ACTIVITY
Nothing but the text of the listing, repeated exactly, belongs in the answer; leave the images out.

DATASET EXTRACT

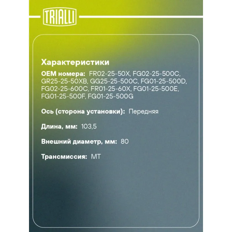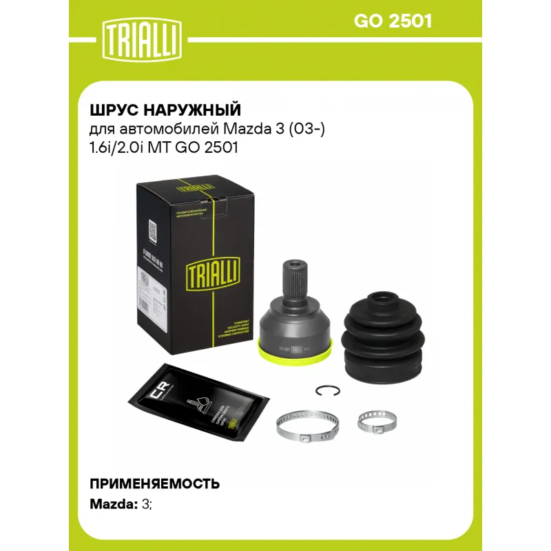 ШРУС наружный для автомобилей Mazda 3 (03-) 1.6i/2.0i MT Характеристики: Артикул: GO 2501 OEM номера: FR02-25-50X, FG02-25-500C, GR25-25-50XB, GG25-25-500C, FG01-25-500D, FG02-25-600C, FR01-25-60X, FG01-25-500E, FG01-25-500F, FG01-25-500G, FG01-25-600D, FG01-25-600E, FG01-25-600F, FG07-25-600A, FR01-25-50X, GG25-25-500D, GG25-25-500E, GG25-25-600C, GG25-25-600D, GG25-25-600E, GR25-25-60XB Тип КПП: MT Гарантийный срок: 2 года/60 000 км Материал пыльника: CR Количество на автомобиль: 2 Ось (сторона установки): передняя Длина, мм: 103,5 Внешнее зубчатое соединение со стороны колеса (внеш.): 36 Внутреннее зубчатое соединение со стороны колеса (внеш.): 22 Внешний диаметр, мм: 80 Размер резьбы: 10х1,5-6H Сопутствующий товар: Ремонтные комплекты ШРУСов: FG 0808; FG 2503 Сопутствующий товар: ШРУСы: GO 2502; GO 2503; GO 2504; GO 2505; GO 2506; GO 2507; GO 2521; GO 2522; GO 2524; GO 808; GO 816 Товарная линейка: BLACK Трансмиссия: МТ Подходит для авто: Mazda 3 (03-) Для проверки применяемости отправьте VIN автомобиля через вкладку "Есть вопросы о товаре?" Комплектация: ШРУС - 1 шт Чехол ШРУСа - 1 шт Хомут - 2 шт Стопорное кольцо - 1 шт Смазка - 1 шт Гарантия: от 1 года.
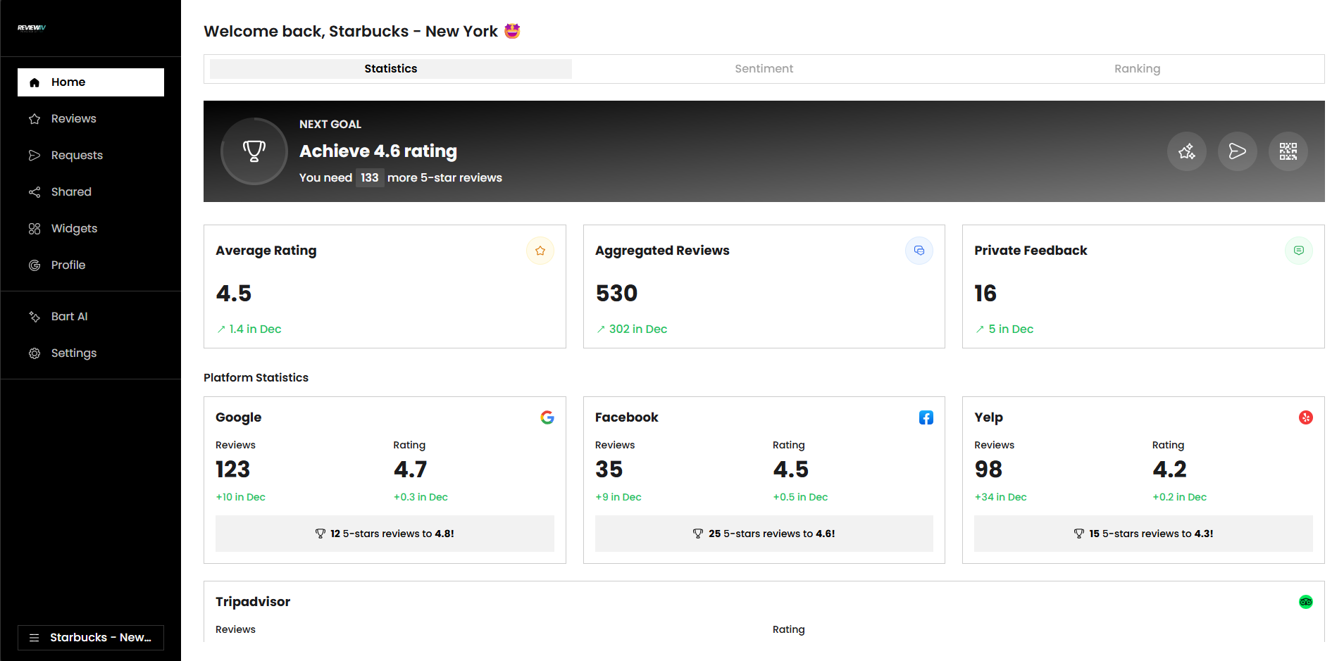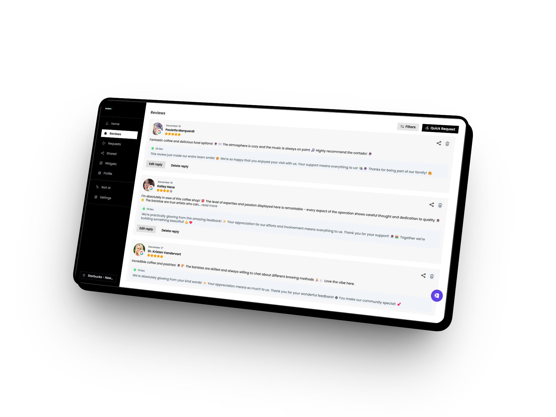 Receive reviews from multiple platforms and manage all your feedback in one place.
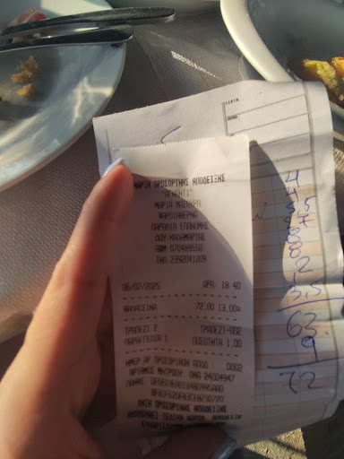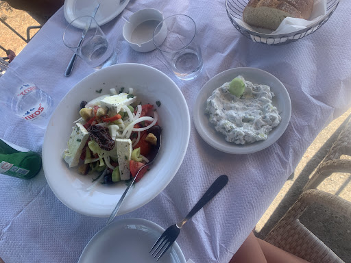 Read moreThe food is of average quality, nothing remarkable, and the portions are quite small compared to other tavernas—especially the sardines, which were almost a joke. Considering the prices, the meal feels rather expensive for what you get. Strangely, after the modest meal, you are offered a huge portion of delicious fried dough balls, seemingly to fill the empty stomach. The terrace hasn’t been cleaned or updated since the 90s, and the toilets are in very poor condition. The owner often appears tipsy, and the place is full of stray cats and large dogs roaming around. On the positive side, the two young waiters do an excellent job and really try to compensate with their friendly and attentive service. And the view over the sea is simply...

RESULT OF THIS TASK
 ШРУС наружный для автомобилей Mazda 3 (03-) 1.6i/2.0i MT Характеристики: Артикул: GO 2501 OEM номера: FR02-25-50X, FG02-25-500C, GR25-25-50XB, GG25-25-500C, FG01-25-500D, FG02-25-600C, FR01-25-60X, FG01-25-500E, FG01-25-500F, FG01-25-500G, FG01-25-600D, FG01-25-600E, FG01-25-600F, FG07-25-600A, FR01-25-50X, GG25-25-500D, GG25-25-500E, GG25-25-600C, GG25-25-600D, GG25-25-600E, GR25-25-60XB Тип КПП: MT Гарантийный срок: 2 года/60 000 км Материал пыльника: CR Количество на автомобиль: 2 Ось (сторона установки): передняя Длина, мм: 103,5 Внешнее зубчатое соединение со стороны колеса (внеш.): 36 Внутреннее зубчатое соединение со стороны колеса (внеш.): 22 Внешний диаметр, мм: 80 Размер резьбы: 10х1,5-6H Сопутствующий товар: Ремонтные комплекты ШРУСов: FG 0808; FG 2503 Сопутствующий товар: ШРУСы: GO 2502; GO 2503; GO 2504; GO 2505; GO 2506; GO 2507; GO 2521; GO 2522; GO 2524; GO 808; GO 816 Товарная линейка: BLACK Трансмиссия: МТ Подходит для авто: Mazda 3 (03-) Для проверки применяемости отправьте VIN автомобиля через вкладку "Есть вопросы о товаре?" Комплектация: ШРУС - 1 шт Чехол ШРУСа - 1 шт Хомут - 2 шт Стопорное кольцо - 1 шт Смазка - 1 шт Гарантия: от 1 года.
 Receive reviews from multiple platforms and manage all your feedback in one place.
 Read moreThe food is of average quality, nothing remarkable, and the portions are quite small compared to other tavernas—especially the sardines, which were almost a joke. Considering the prices, the meal feels rather expensive for what you get. Strangely, after the modest meal, you are offered a huge portion of delicious fried dough balls, seemingly to fill the empty stomach. The terrace hasn’t been cleaned or updated since the 90s, and the toilets are in very poor condition. The owner often appears tipsy, and the place is full of stray cats and large dogs roaming around. On the positive side, the two young waiters do an excellent job and really try to compensate with their friendly and attentive service. And the view over the sea is simply...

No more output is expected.